JN: Devido à situação, muitas vezes temos uma restrição de movimentos. É preciso saber qual é a situação de segurança antes de passarmos para o terreno. A rotina é prestar apoio técnico e logístico aos médicos locais, em termos de manejo dos casos, por exemplo.

DW África: Entre carências extremas e a violência, quais são os casos mais comuns que os médicos recebem?

JN: Além do traumatismo, claro, devido à violência, existem surtos declarados, de cólera, de dengue...são doenças típicas de países em desenvolvimento, especialmente um país com uma situação sanitária precária.

Rebeldes do Conselho de Transição do Sul, que lutam pela independência do sul do Iémen.Foto: Getty Images/AFP/N. Hasan

DW África: Daquilo que pôde ver nestes dois meses, quais são as maiores dificuldades dos profissionais de saúde no Iémen?

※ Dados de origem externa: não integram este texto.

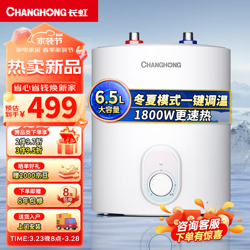 长虹(CHANGHONG) 长虹(CHANGHONG)6.5L上出水家用小厨宝 1800W速热厨房小型热水器多重防护抗压防腐6M1价格:599.00元!
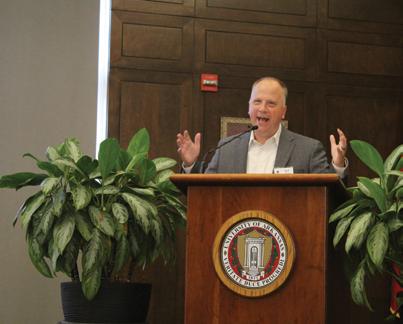 Above, Bordelon speaks to a group of fellow biking enthusiasts at the U of A's "cruise in" event during the spring semester.
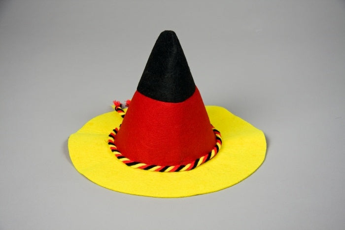 -Größe: ca. 58 -Farbe: schwarz/rot/gelb -Filzhut in Deutschlandfarben mit Kordel —Material: 100% PES –
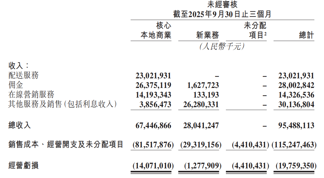 整体来看,三季度美团经营亏损197.59亿元,经营亏损率20.7%;期内亏损186.32亿元,亏损率19.5%;经调整EBITDA为亏损148.42亿元,经调整亏损为160.10亿元。
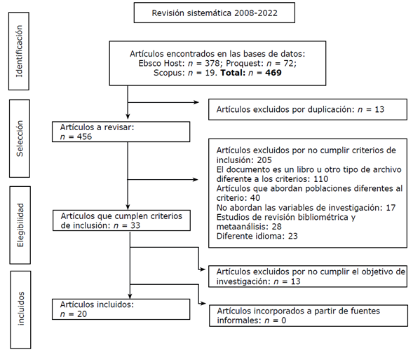 Los artículos identificados en formato RIS se exportaron con sus referencias a la página web Rayyan, la cual es una herramienta gratuita para la realización de revisiones sistemáticas. Se propusieron los criterios de inclusión y exclusión con énfasis en el tipo de estudio, la pregunta de investigación y el idioma. Tampoco se incluyeron los criterios de temporalidad. Asimismo, se eliminaron los registros duplicados (13 archivos) y se realizó un cribado de los artículos por título, palabras clave y resumen, para eliminar artículos que no cumplieran los criterios de elegibilidad. Los restantes 456 artículos prosiguieron a la primera fase de cribado (análisis de título, resumen y palabras clave), considerando los criterios de inclusión/ exclusión. Se excluyeron 449 estudios (353 a partir del título, 96 a partir del resumen) en esta primera fase. Los 20 artículos restantes que cumplieron con los criterios de elegibilidad forman parte de la investigación (Figura 1). Se procedió a la lectura de texto completo de los artículos incluidos tras el primer cribado para la revisión y discusión conjunta entre los revisores; analizando los artículos con base en su calidad metodológica. Cochrane (2008, citado en Alarcón et al. 2015) sostiene que existe un modelo de resguardo sobre los sesgos que se deben considerar. Por lo anterior, esta revisión determinó que todos los artículos encontrados tuvieron la misma posibilidad de ser seleccionados, por lo que no existió un sesgo por selección.
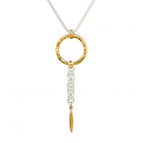 Sterling silver Byzantine chainmaille pendant with 24k yellow gold Vermeil* large hammered “Circle of Life” ring (25 mm), sterling silver snake chain – necklace 16” long
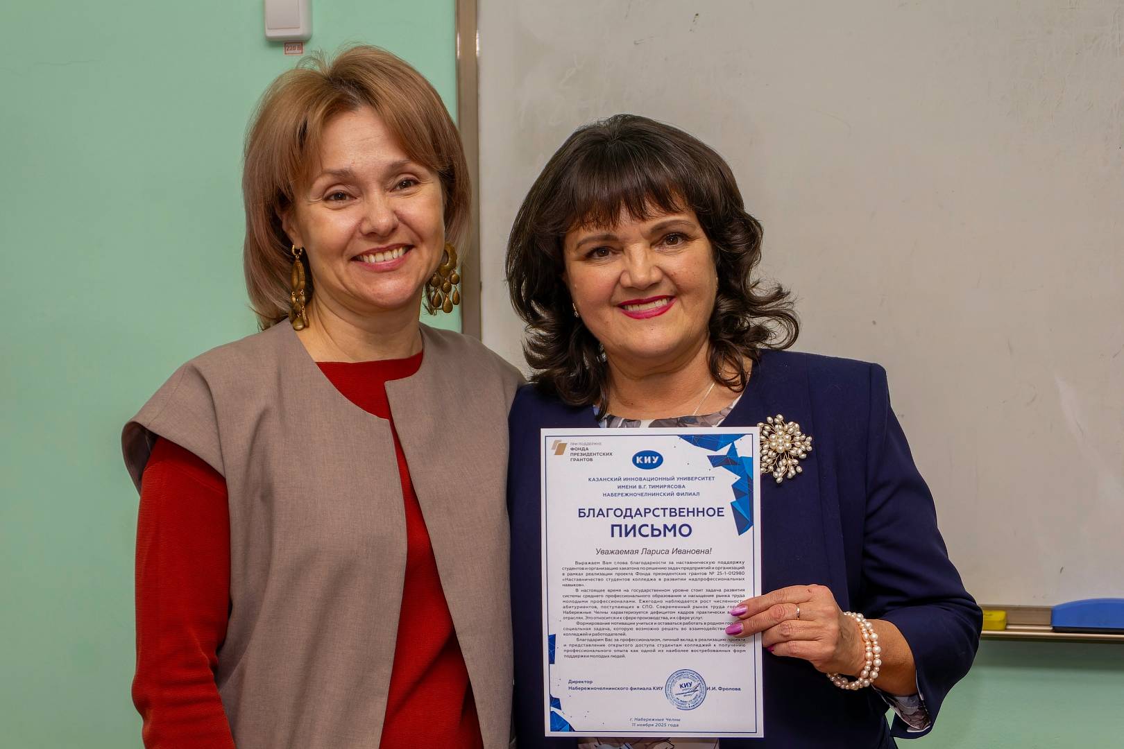 Особая благодарность заместителю директора по учебно-воспитательной работе Поповой Ларисе Ивановне и коллективу колледжа за организацию и поддержку. Этот проект является примером успешного взаимодействия колледжей, вузов и работодателей в рамках профессионального образования и мотивации молодых специалистов оставаться работать в родном городе.
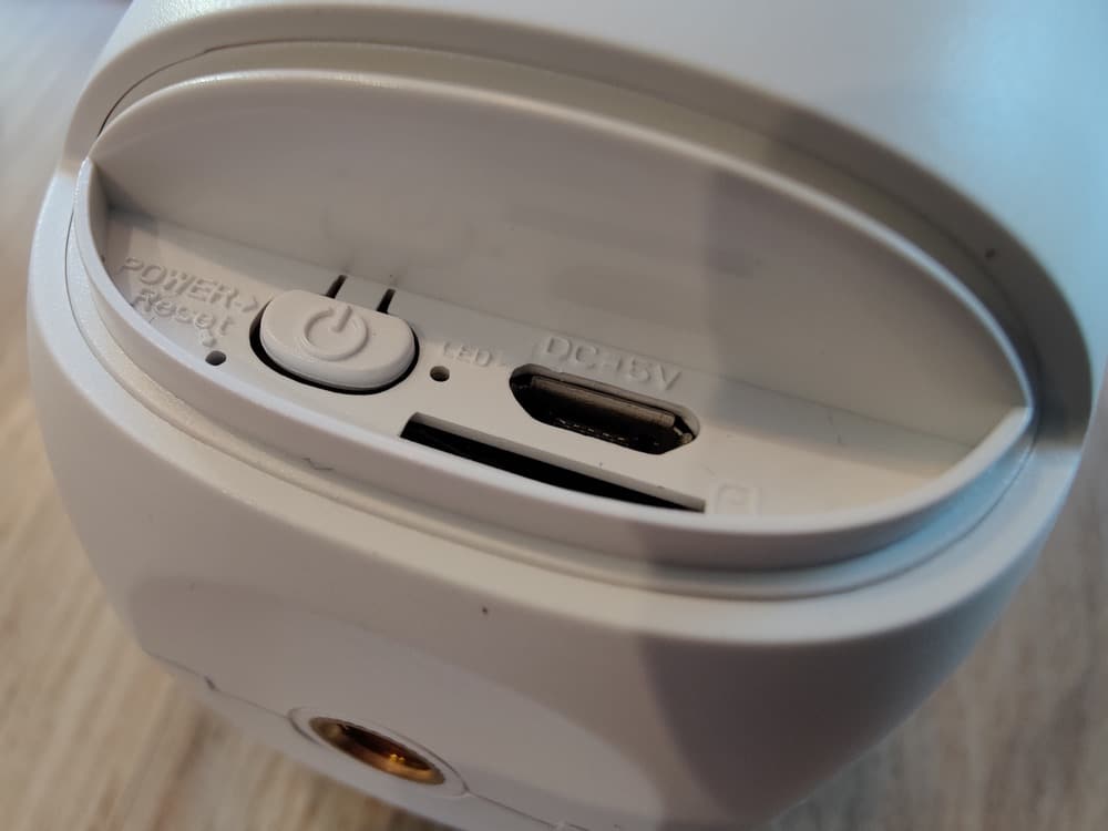 Pour être plus précis, après avoir retiré le cache de protection, on peut accéder au bouton on/off de la caméra, au bouton reset, à la prise microUSB qui sert à recharger la caméra et à l'emplacement pour la carte microSD (non fournie). Le cache de protection s'enlève complètement, c'est un peu dommage et en plus il n'est pas très pratique à positionner, mais il faudra y prêter une attention particulière, car il sert à protéger la connectique contre les intempéries.
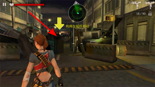 1、进入界面后,借助摇杆实现角色移动,移动实现是探索场景的关键操作,实现后可不同区域穿梭,搜寻资源。
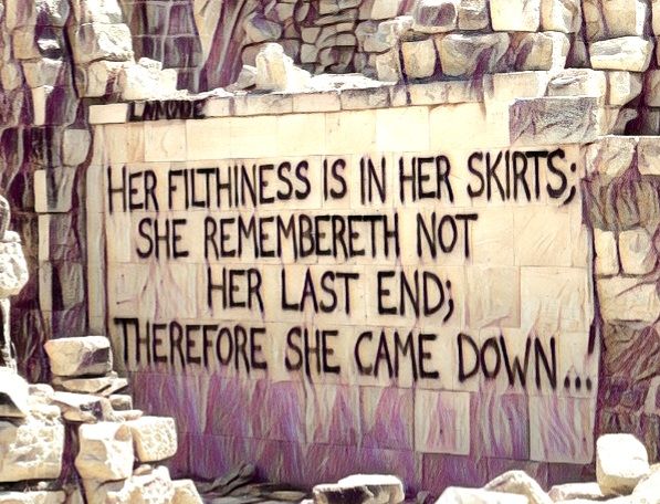 Lamentations 1:9 lamenting the fall of Jerusalem to Babylon 587 or 586 BC depending of the view of the scholar.
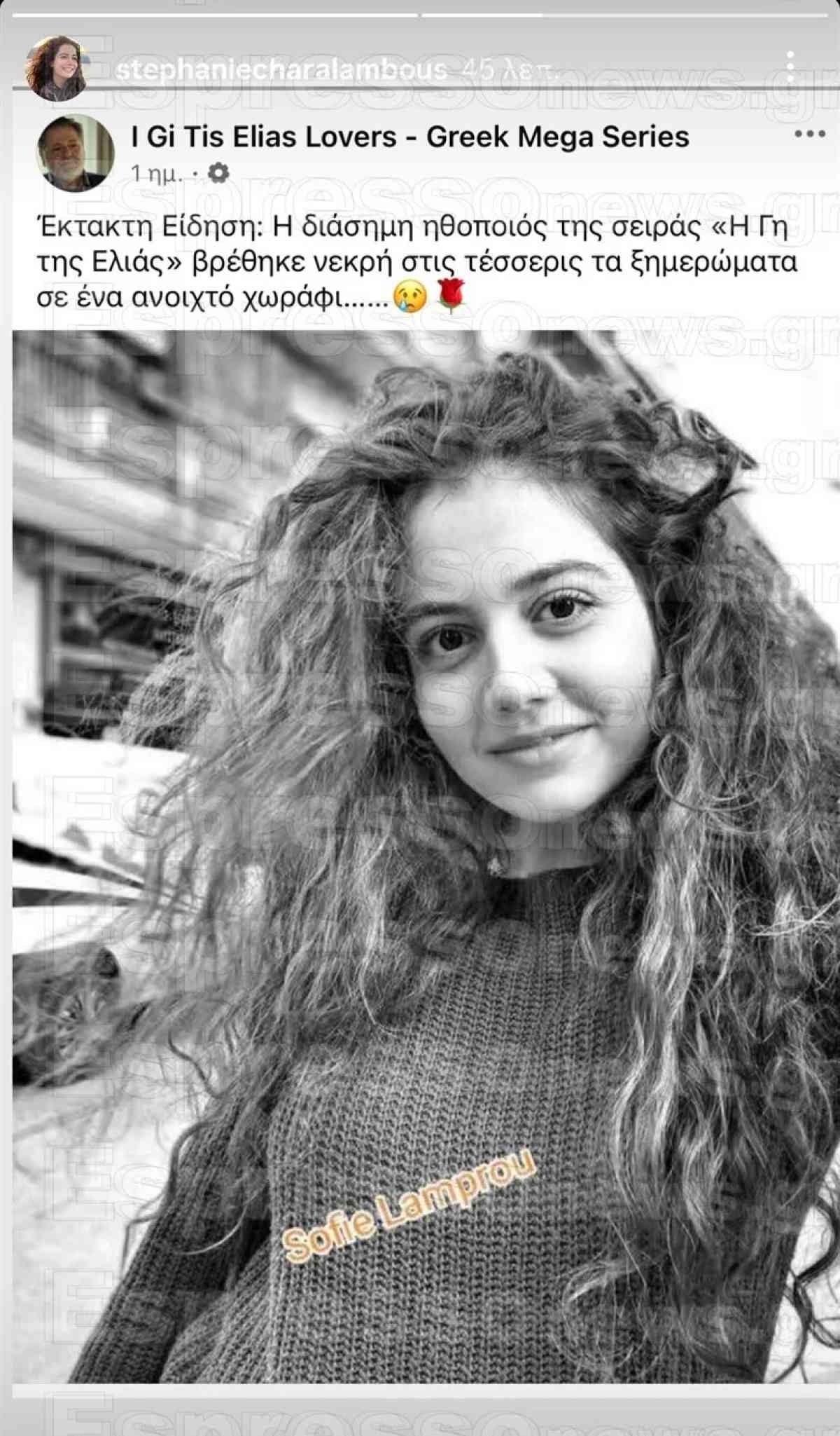 «Η διάσημη ηθοποιός της σειράς “Η γη της ελιάς” βρέθηκε νεκρή στις τέσσερις τα ξημερώματα σε ένα χωράφι», ανέφερε η λεζάντα στη σχετική ανάρτηση.

JN: A maior dificuldade é a movimentação. É sair, por exemplo, se há uma situação numa zona remota. Por vezes, as situações estão em zonas onde há um conflito armado muito ativo e temos de esperar até que haja alguma trégua  para podermos chegar lá e prestar assistência às pessoas. Além da própria situação sanitária. Agora há apoio das organizações humanitárias, mas há muita carência.

DW África: Como é que lida com esta questão da insegurança? Não tem medo de trabalhar neste contexto?

JN: O medo desaparece. Há sempre medo antes de ir, mas quando chegamos ao terreno é preciso deixar de ter medo para termos a força necessária para prestar assistência. Claro que a situação agora é diferente do contexto do ébola, o inimigo é silencioso, agora, quando estamos lá [no Iémen] por vezes ouvimos o barulho dos disparos. Mas é preciso confiar no sistema de segurança que temos e prosseguir o nosso trabalho.

DW África: Até quando vai ficar no Iémen?

JN: É muito complicado dizer, neste momento. Tudo vai depender das necessidades do país. Quando fui à Libéria, fui por seis semanas e acabei por ficar quatro anos. Portanto, é imprevisível. Fico o tempo que for necessário.

DW África: Para já não há um fim à vista para o conflito...

JN: Não, não, não...está muito complicado.